Town and Country Planning (Scotland) Act 1932
- Parliament of the United Kingdom
- Long title: An Act to authorise the making of schemes with respect to the development and planning of land in Scotland, whether urban or rural, and in that connection to repeal and re-enact with amendments the enactments relating to town planning; to provide for the protection of rural amenities and the preservation of buildings and other objects of interest or beauty; to facilitate the acquisition of land in Scotland for garden cities; and to make other provision in connection with the matters aforesaid.
- Citation: 22 & 23 Geo. 5. c. 49
- Territorial extent: United Kingdom

Dates
- Royal assent: 12 July 1932
- Commencement: 1 April 1933
- Repealed: 1 July 1948

Other legislation
- Amends: See § Repealed enactments
- Repeals/revokes: See § Repealed enactments
- Amended by: Local Government (Scotland) Act 1947;
- Repealed by: Town and Country Planning (Scotland) Act 1947
- Relates to: Town Planning (Scotland) Act 1925; Town and Country Planning Act 1932;

Status: Repealed

Text of statute as originally enacted

= Town and Country Planning (Scotland) Act 1932 =

Act of the Parliament of the United Kingdom

The Town and Country Planning (Scotland) Act 1932 (22 & 23 Geo. 5. c. 49) was an act of the Parliament of the United Kingdom that repealed and re-enacted with amendments the enactments relating to town planning in Scotland, extending planning controls to rural as well as urban land.
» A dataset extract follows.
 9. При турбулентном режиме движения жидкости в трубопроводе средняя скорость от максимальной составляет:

The Town and Country Planning Act 1932 (22 & 23 Geo. 5. c. 48) made corresponding provisions for England and Wales.

== Provisions ==
=== Repealed enactments ===
Section 53(1) of the act repealed 2 enactments, listed in the fifth schedule to the act.
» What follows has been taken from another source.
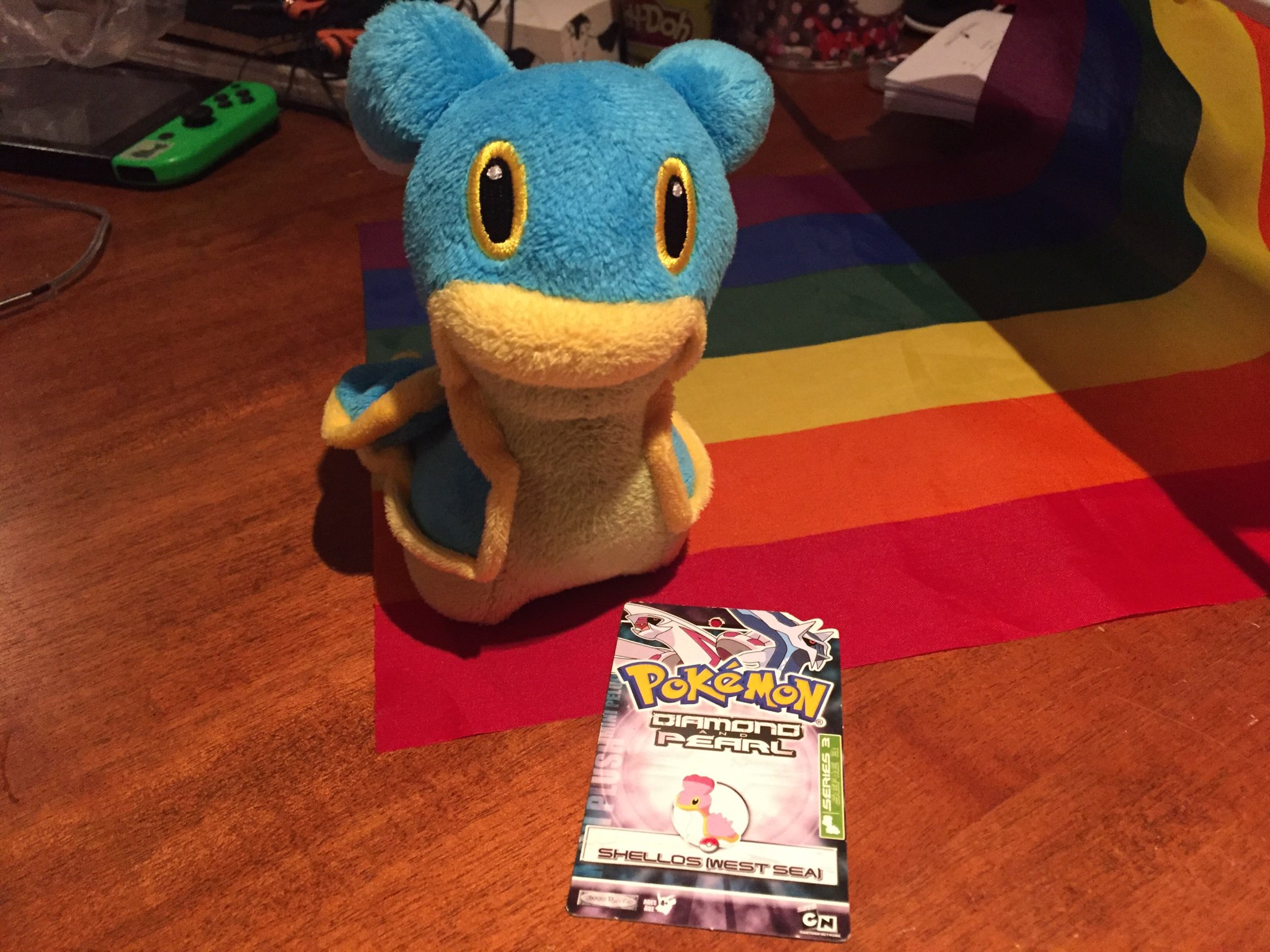 This is a bit of a weird one, isn't it?! The tag and this plush are separate from each other though, they didn't come together! I previously had the West Sea Shellos version of this plush as a kid, but I lost it after my childhood home's basement flooded - all I have left of it is the tag, which I kept in my card binder 💔 The East Sea plush was purchased in mid 2021, but has clearly seen a lot of love in its' life! I love having plushes where their previous owners clearly had a fondness for them.

| Citation | Short title | Extent of repeal |
|---|---|---|
| 15 & 16 Geo. 5. c. 17 | Town Planning (Scotland) Act 1925 | The whole act. |
| 17 & 18 Geo. 5. c. 23 | Crown Lands Act 1927 | Section twelve. |

== Subsequent developments ==
The whole act was repealed by section 109(2) of, and part II of the ninth schedule to, the Town and Country Planning (Scotland) Act 1947 (10 & 11 Geo. 6. c. 53), which came into force on 1 July 1948.